Théo Borne

Personal information
- Date of birth: 15 July 2002 (age 24)
- Place of birth: Montbéliard, France
- Height: 1.91 m (6 ft 3 in)
- Position: Goalkeeper

Team information
- Current team: Grenoble
- Number: 25

Senior career*
- Years: Team / Apps / (Gls)
- 2021–2023: Angers B / 39 / (0)
- 2023–2025: Clermont B / 35 / (0)
- 2024–2025: Clermont / 0 / (0)
- 2025–2026: Sochaux B / 0 / (0)
- 2026: Dynamo České Budějovice / 7 / (0)
- 2026: Dynamo České Budějovice B / 1 / (0)
- 2026–: Grenoble / 0 / (0)

= Théo Borne =

French footballer (born 2002)

Théo Borne (born 15 July 2002) is a French professional footballer who plays as a goalkeeper for club Grenoble.

==Early life==
As a youth player, Borne joined the youth academy of French side Sochaux. He is a native of Montbéliard, France.

==Career==
Borne started his career with French Ligue 1 side Angers.

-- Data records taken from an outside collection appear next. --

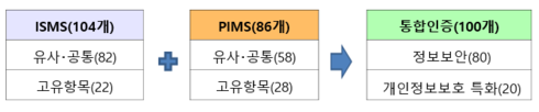 이번 통합 논의 과정에서 ISMS 인증항목 104개, PIMS 인증항목 86개에 대한 비교 검토 결과, ISMS 인증항목 82개(78.8%)가 PIMS 인증과 동일·유사하고, PIMS 인증항목 86개를 기준으로 볼 때 58개 항목이 동일·유사한 것으로 분석됐다.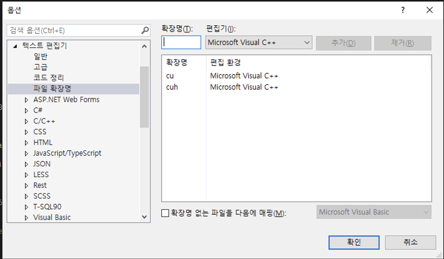 - C/C++ 확장자로 .cu, .cuh 추가: [Tool]-[Option]-[Text Editor]-[File Extension]에서 추가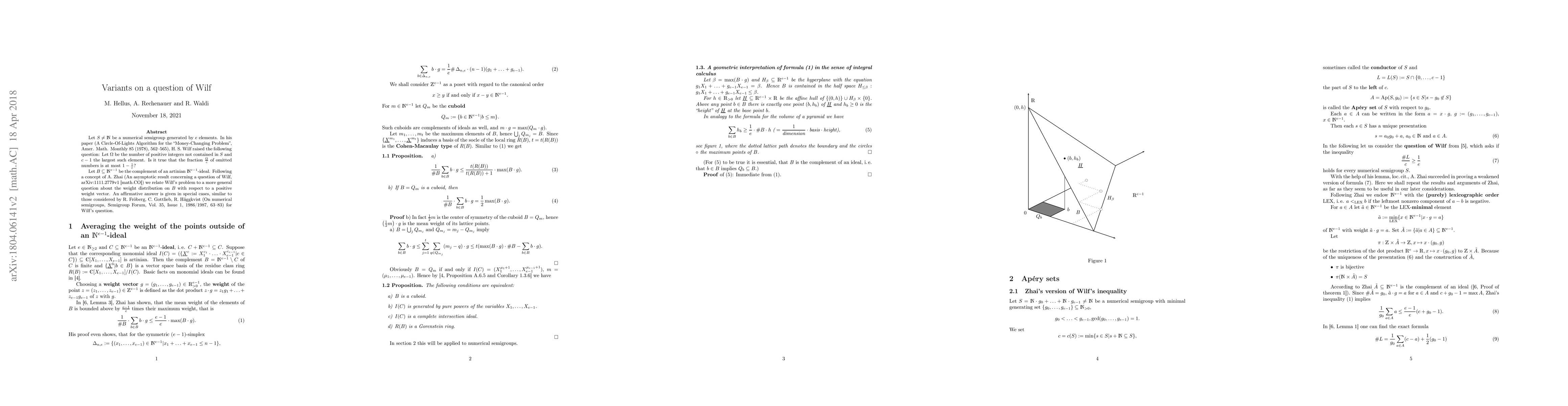 This paper addresses Wilf's question regarding the fraction of omitted numbers in a numerical semigroup, providing affirmative answers in specific cases. It connects Wilf's problem to a broader question about weight distribution on the complement of an Artinian ideal in (mathbb{N}^{e-1}), building on previous work by Fröberg, Gottlieb, and Häggkvist.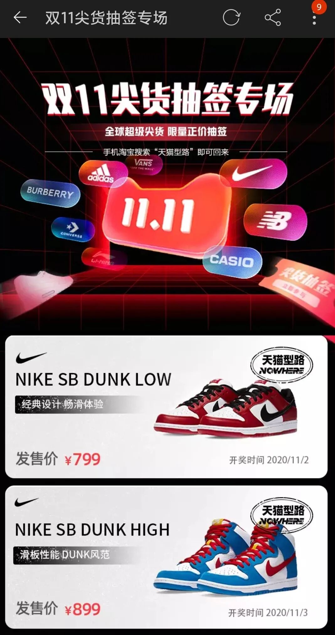 还记得前两天参与的Nike SB Dunk芝加哥+哆啦A梦吗?11月1号开始的还只是蹭蹭玩一玩!双11当天才是刺激的重头戏!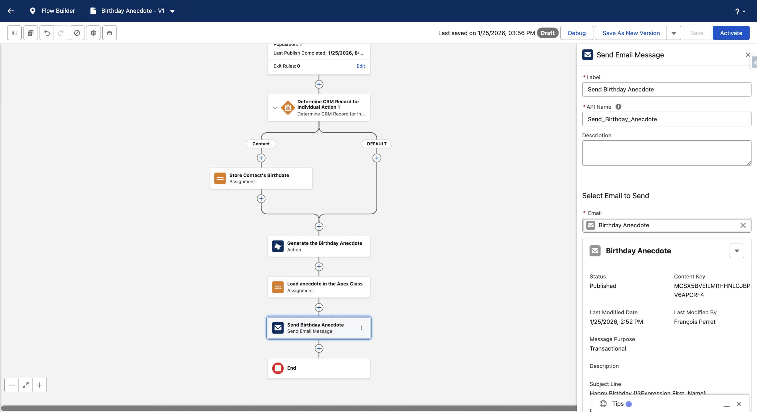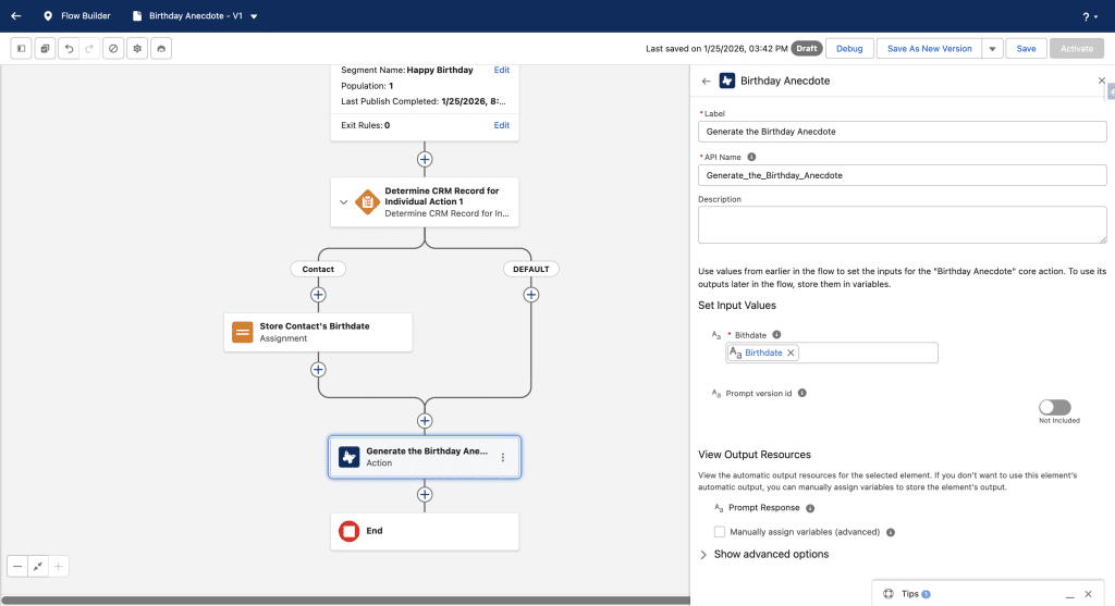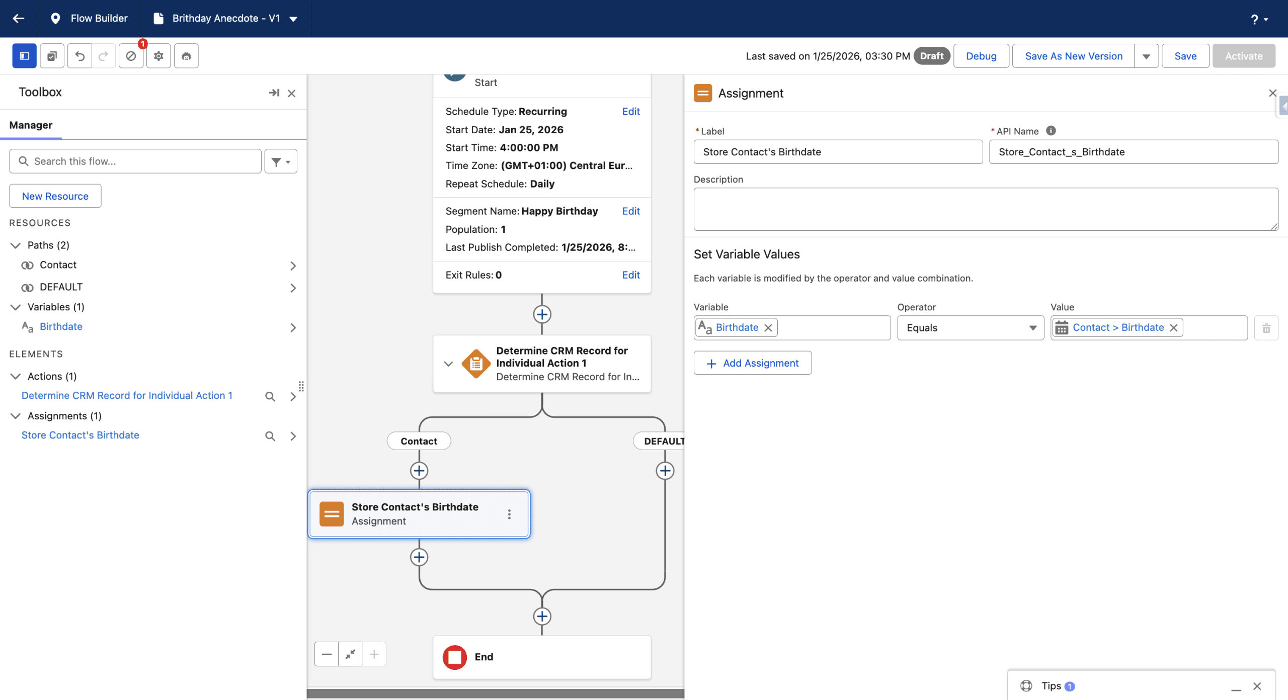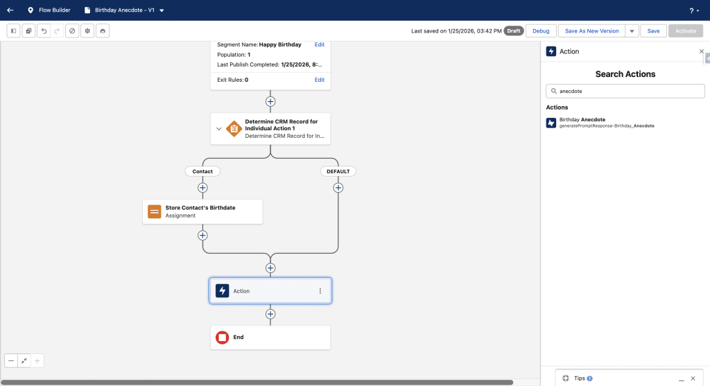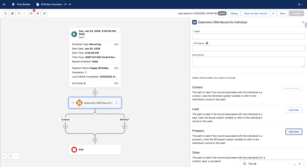 By design our Segment has at least one Contact whose birthday is today. We’ll get it by adding a Determine CRM Record for individual element in the Flow. We will only keep a Contact branch.

He was regarded as one of the club's reserve teams' most important players. He started training with the first team during the second half of the 2021–22 season. In 2023, he signed for French Ligue 1 side Clermont. On 21 January 2024, he debuted for the club during a 1–3 Coupe de France loss to Strasbourg.

On 14 February 2026, Borne signed a contract with Czech National Football League club Dynamo České Budějovice.